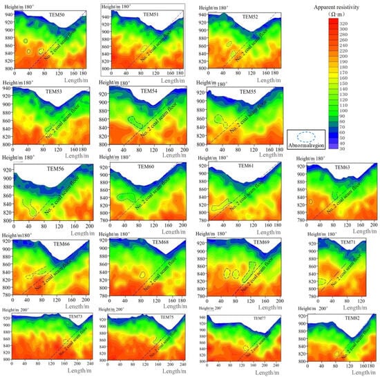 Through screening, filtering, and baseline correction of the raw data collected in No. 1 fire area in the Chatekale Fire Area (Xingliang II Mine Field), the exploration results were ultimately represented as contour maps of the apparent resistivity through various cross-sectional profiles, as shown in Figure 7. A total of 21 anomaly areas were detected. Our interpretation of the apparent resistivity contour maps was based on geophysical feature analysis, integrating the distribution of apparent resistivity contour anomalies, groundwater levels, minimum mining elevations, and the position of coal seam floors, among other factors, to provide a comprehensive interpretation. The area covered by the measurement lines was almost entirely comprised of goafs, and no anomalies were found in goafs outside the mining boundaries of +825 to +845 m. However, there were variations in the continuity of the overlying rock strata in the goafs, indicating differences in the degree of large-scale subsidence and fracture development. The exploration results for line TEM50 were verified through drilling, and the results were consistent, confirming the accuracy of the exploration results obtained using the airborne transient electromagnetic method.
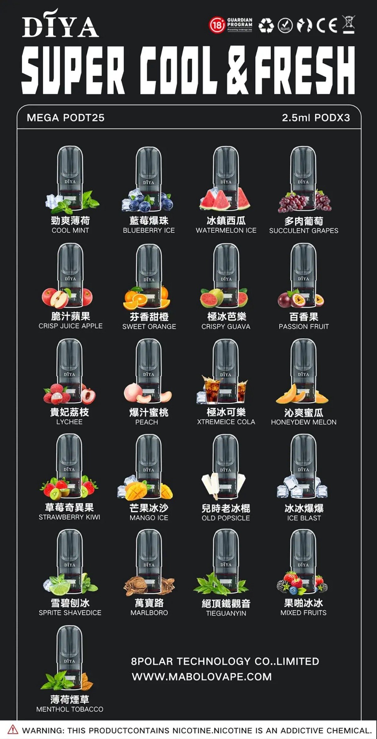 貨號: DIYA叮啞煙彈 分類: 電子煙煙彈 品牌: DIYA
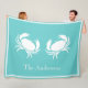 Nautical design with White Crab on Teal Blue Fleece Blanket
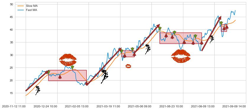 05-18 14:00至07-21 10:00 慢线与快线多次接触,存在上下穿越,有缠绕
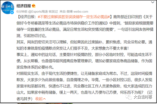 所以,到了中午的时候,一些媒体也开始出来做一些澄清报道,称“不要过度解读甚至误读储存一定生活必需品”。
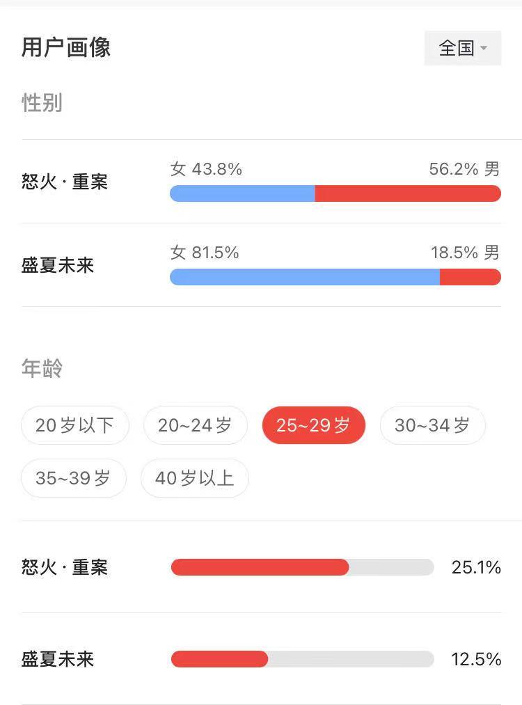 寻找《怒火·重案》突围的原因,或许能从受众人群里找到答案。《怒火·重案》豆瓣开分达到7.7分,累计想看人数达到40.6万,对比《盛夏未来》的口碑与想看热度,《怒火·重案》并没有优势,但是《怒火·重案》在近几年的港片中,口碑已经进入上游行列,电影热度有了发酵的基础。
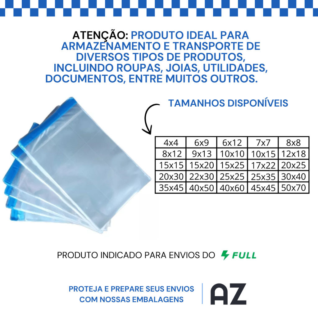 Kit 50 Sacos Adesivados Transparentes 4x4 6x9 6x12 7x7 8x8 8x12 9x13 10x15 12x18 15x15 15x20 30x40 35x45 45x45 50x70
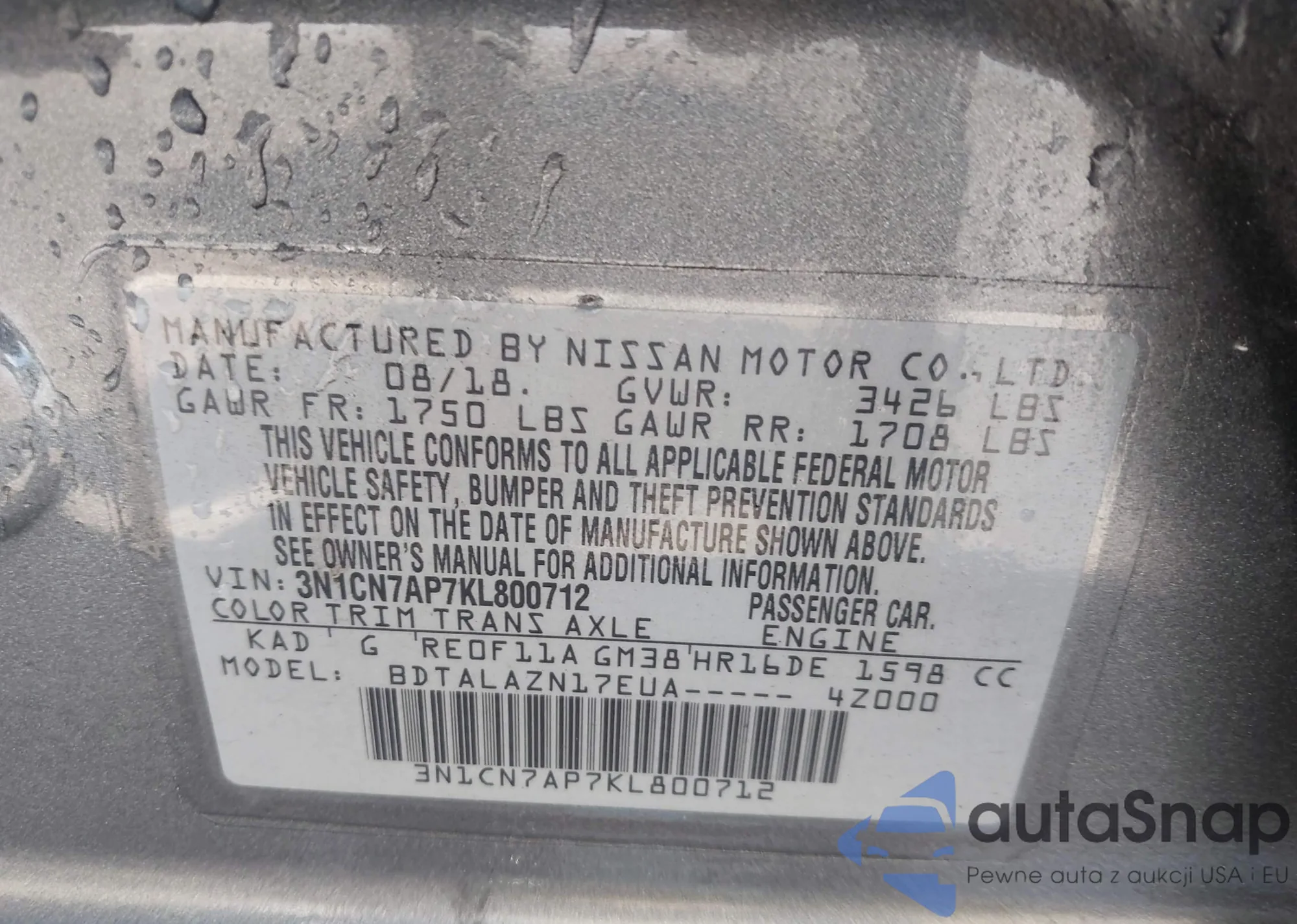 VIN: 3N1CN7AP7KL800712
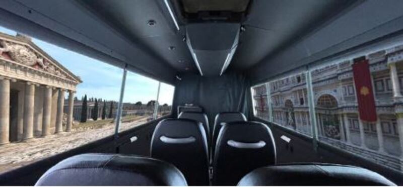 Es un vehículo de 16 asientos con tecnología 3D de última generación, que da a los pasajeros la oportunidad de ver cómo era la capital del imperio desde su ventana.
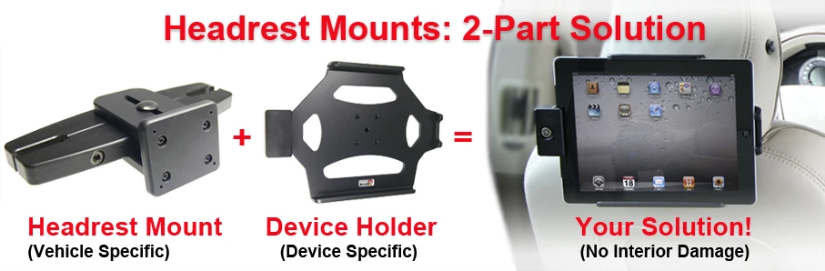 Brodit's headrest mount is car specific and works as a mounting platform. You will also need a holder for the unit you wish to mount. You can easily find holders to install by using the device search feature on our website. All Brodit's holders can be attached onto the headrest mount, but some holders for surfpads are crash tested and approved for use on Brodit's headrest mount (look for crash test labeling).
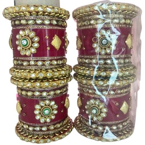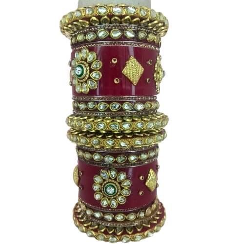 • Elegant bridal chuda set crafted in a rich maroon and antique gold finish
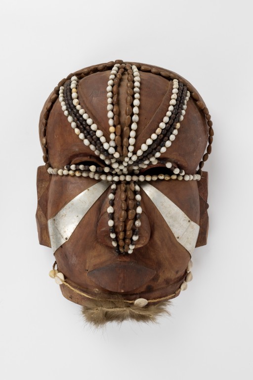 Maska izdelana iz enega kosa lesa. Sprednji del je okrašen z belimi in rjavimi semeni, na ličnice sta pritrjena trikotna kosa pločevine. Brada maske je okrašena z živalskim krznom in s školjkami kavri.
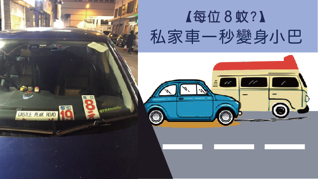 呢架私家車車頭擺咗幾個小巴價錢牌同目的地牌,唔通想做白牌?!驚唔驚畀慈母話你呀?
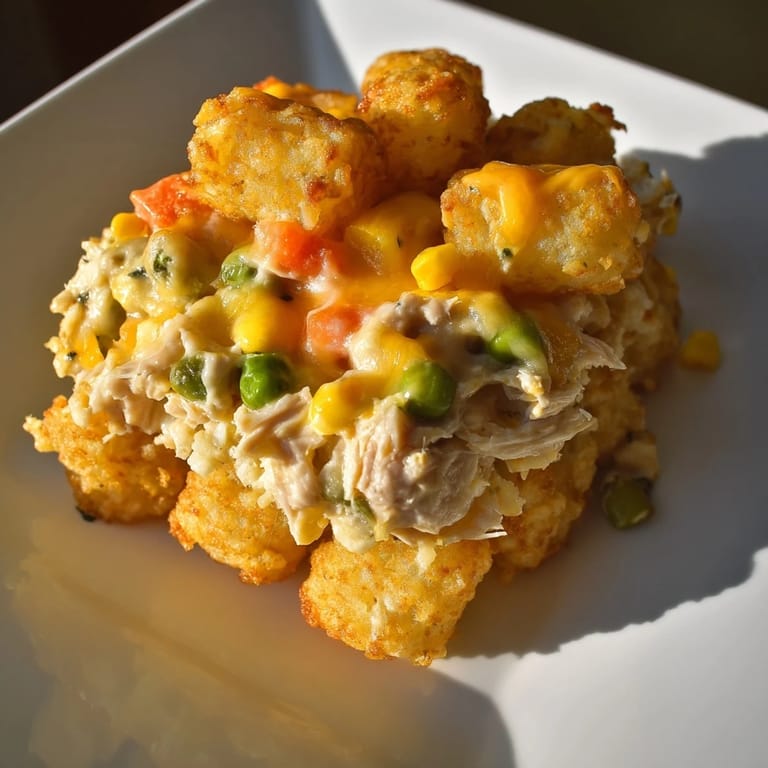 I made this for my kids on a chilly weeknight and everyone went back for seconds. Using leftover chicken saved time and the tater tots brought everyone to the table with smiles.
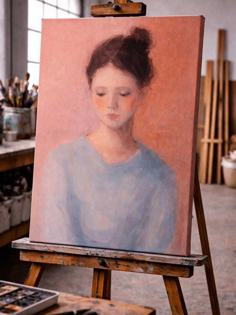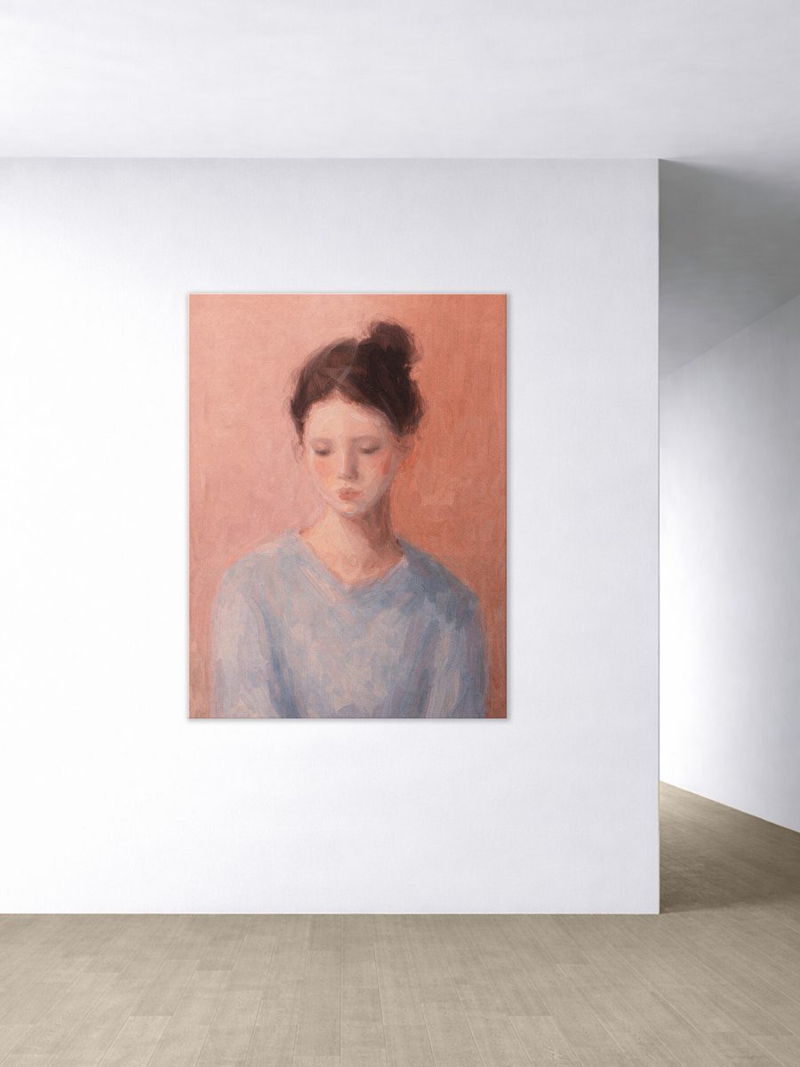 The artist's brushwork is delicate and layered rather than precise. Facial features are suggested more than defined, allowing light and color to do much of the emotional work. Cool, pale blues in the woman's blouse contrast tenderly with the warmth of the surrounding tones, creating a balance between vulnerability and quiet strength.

______________________________

• _Work request_
Images stay out, but the rest of the records must be retyped exactly.

• _Result_
 Through screening, filtering, and baseline correction of the raw data collected in No. 1 fire area in the Chatekale Fire Area (Xingliang II Mine Field), the exploration results were ultimately represented as contour maps of the apparent resistivity through various cross-sectional profiles, as shown in Figure 7. A total of 21 anomaly areas were detected. Our interpretation of the apparent resistivity contour maps was based on geophysical feature analysis, integrating the distribution of apparent resistivity contour anomalies, groundwater levels, minimum mining elevations, and the position of coal seam floors, among other factors, to provide a comprehensive interpretation. The area covered by the measurement lines was almost entirely comprised of goafs, and no anomalies were found in goafs outside the mining boundaries of +825 to +845 m. However, there were variations in the continuity of the overlying rock strata in the goafs, indicating differences in the degree of large-scale subsidence and fracture development. The exploration results for line TEM50 were verified through drilling, and the results were consistent, confirming the accuracy of the exploration results obtained using the airborne transient electromagnetic method.
 貨號: DIYA叮啞煙彈 分類: 電子煙煙彈 品牌: DIYA
 Nautical design with White Crab on Teal Blue Fleece Blanket
 05-18 14:00至07-21 10:00 慢线与快线多次接触,存在上下穿越,有缠绕
 所以,到了中午的时候,一些媒体也开始出来做一些澄清报道,称“不要过度解读甚至误读储存一定生活必需品”。
 寻找《怒火·重案》突围的原因,或许能从受众人群里找到答案。《怒火·重案》豆瓣开分达到7.7分,累计想看人数达到40.6万,对比《盛夏未来》的口碑与想看热度,《怒火·重案》并没有优势,但是《怒火·重案》在近几年的港片中,口碑已经进入上游行列,电影热度有了发酵的基础。
 Kit 50 Sacos Adesivados Transparentes 4x4 6x9 6x12 7x7 8x8 8x12 9x13 10x15 12x18 15x15 15x20 30x40 35x45 45x45 50x70
 VIN: 3N1CN7AP7KL800712
 Es un vehículo de 16 asientos con tecnología 3D de última generación, que da a los pasajeros la oportunidad de ver cómo era la capital del imperio desde su ventana.
 Brodit's headrest mount is car specific and works as a mounting platform. You will also need a holder for the unit you wish to mount. You can easily find holders to install by using the device search feature on our website. All Brodit's holders can be attached onto the headrest mount, but some holders for surfpads are crash tested and approved for use on Brodit's headrest mount (look for crash test labeling).
 • Elegant bridal chuda set crafted in a rich maroon and antique gold finish
 Maska izdelana iz enega kosa lesa. Sprednji del je okrašen z belimi in rjavimi semeni, na ličnice sta pritrjena trikotna kosa pločevine. Brada maske je okrašena z živalskim krznom in s školjkami kavri.
 呢架私家車車頭擺咗幾個小巴價錢牌同目的地牌,唔通想做白牌?!驚唔驚畀慈母話你呀?
 I made this for my kids on a chilly weeknight and everyone went back for seconds. Using leftover chicken saved time and the tater tots brought everyone to the table with smiles.
 The artist's brushwork is delicate and layered rather than precise. Facial features are suggested more than defined, allowing light and color to do much of the emotional work. Cool, pale blues in the woman's blouse contrast tenderly with the warmth of the surrounding tones, creating a balance between vulnerability and quiet strength.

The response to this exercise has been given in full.